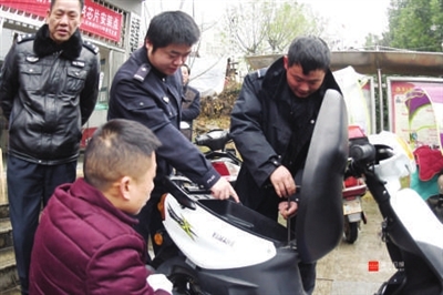 12月14日,咸安警方工作人员正在咸安区长安社区为居民电瓶车安装智能防盗芯片。为降低摩托车、电瓶车被盗案件发案率,提高破案追赃力度,咸安警方于今年11月启动“两车”物联网感知防控系统建设,用于解决防盗追踪、车辆管理和保险理赔等难题,并向社会群众免费安装1万辆。 通讯员 吴涛 刘洁 戴娟 摄
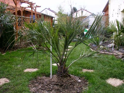 Die zur Auspflanzung vorgesehene 35jährige Butia capitata wird ihr Dasein nun doch,auf Wunsch meiner Frau, als Kübelpflanze in unserer Einfahrt verbringen;ist natürlich ein Hingucker.
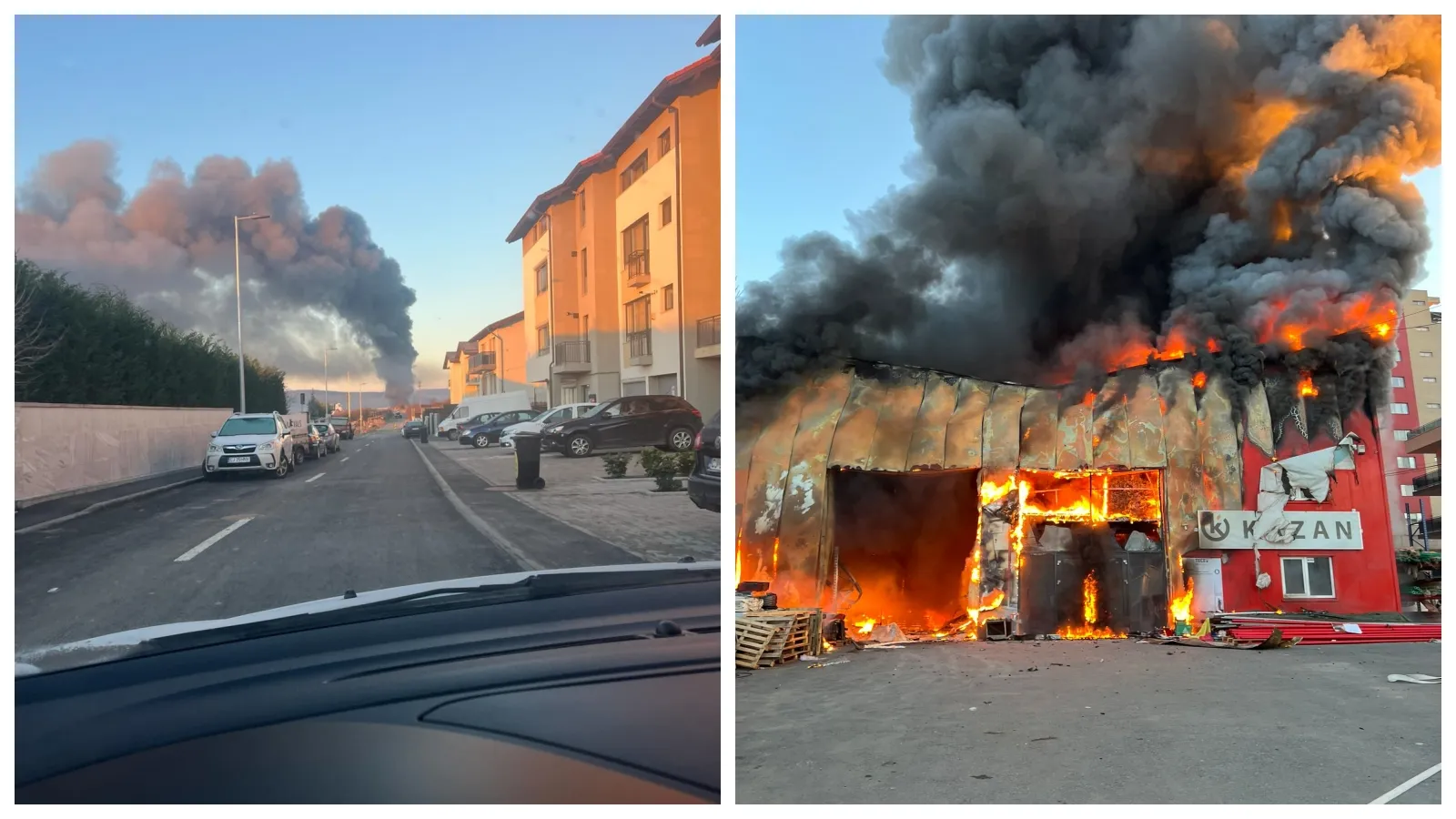 Incendiu puternic pe Calea Baciului, Cluj-Napoca! Arde depozitul Kazan. Oamenii s-au alertat - VIDEO / FOTO
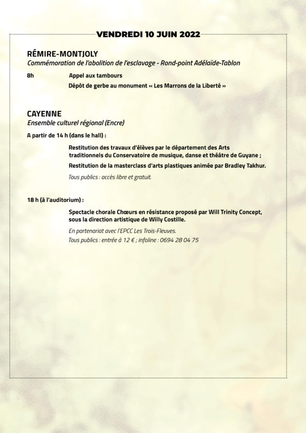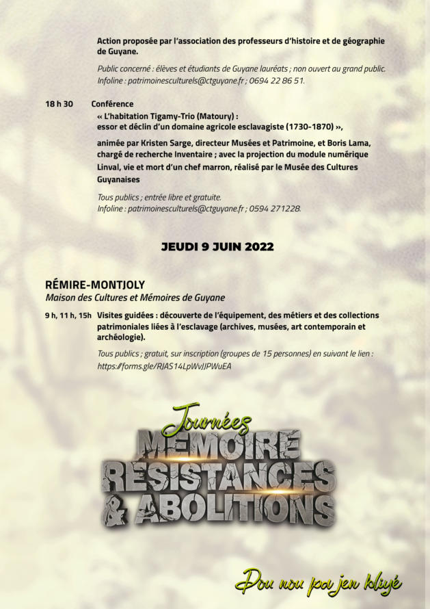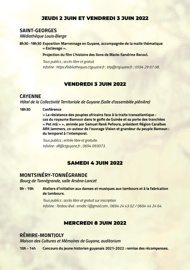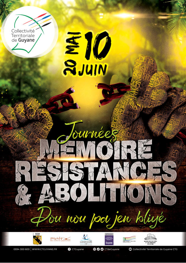 Dans le cadre de la commémoration de l’Abolition de l’esclavage en Guyane, la Collectivité Territoriale de Guyane organise les « Journées Mémoires, Marronnage et Abolitions 2022 » qui se tiendront jusqu’au 10 juin 2022.
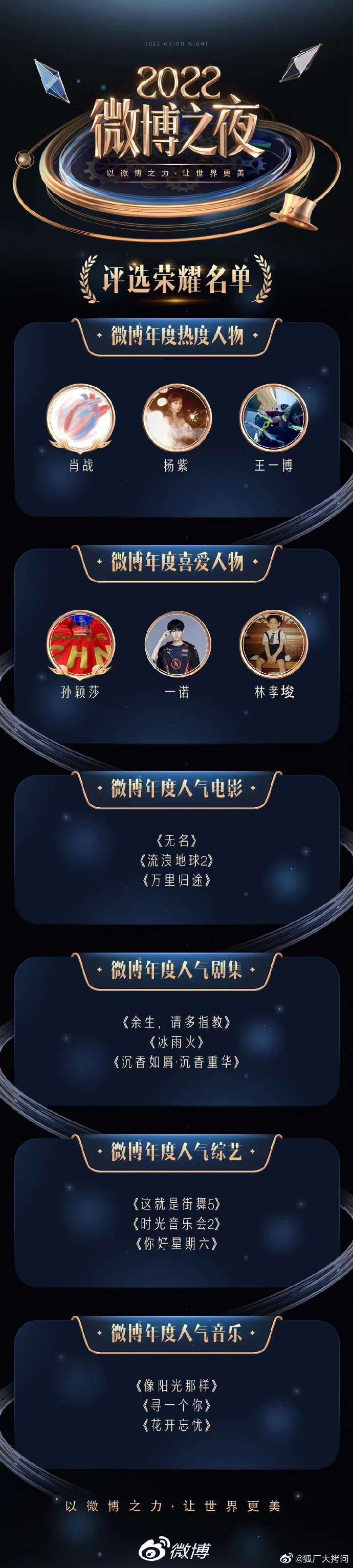 以上就是2023《微博之夜》评选名单汇总的全部内容,想要了解更多相关内容的小伙伴可以持续关注本站,这里每天会为大家推送最新最全的娱乐资讯,一定不要错过哦。

□ □ □ □

▶ EXERCISE DETAILS
Output the material above verbatim but exclude each picture.

▶ RESPONSE AREA
 12月14日,咸安警方工作人员正在咸安区长安社区为居民电瓶车安装智能防盗芯片。为降低摩托车、电瓶车被盗案件发案率,提高破案追赃力度,咸安警方于今年11月启动“两车”物联网感知防控系统建设,用于解决防盗追踪、车辆管理和保险理赔等难题,并向社会群众免费安装1万辆。 通讯员 吴涛 刘洁 戴娟 摄
 Die zur Auspflanzung vorgesehene 35jährige Butia capitata wird ihr Dasein nun doch,auf Wunsch meiner Frau, als Kübelpflanze in unserer Einfahrt verbringen;ist natürlich ein Hingucker.
 Incendiu puternic pe Calea Baciului, Cluj-Napoca! Arde depozitul Kazan. Oamenii s-au alertat - VIDEO / FOTO
 Dans le cadre de la commémoration de l’Abolition de l’esclavage en Guyane, la Collectivité Territoriale de Guyane organise les « Journées Mémoires, Marronnage et Abolitions 2022 » qui se tiendront jusqu’au 10 juin 2022.
 以上就是2023《微博之夜》评选名单汇总的全部内容,想要了解更多相关内容的小伙伴可以持续关注本站,这里每天会为大家推送最新最全的娱乐资讯,一定不要错过哦。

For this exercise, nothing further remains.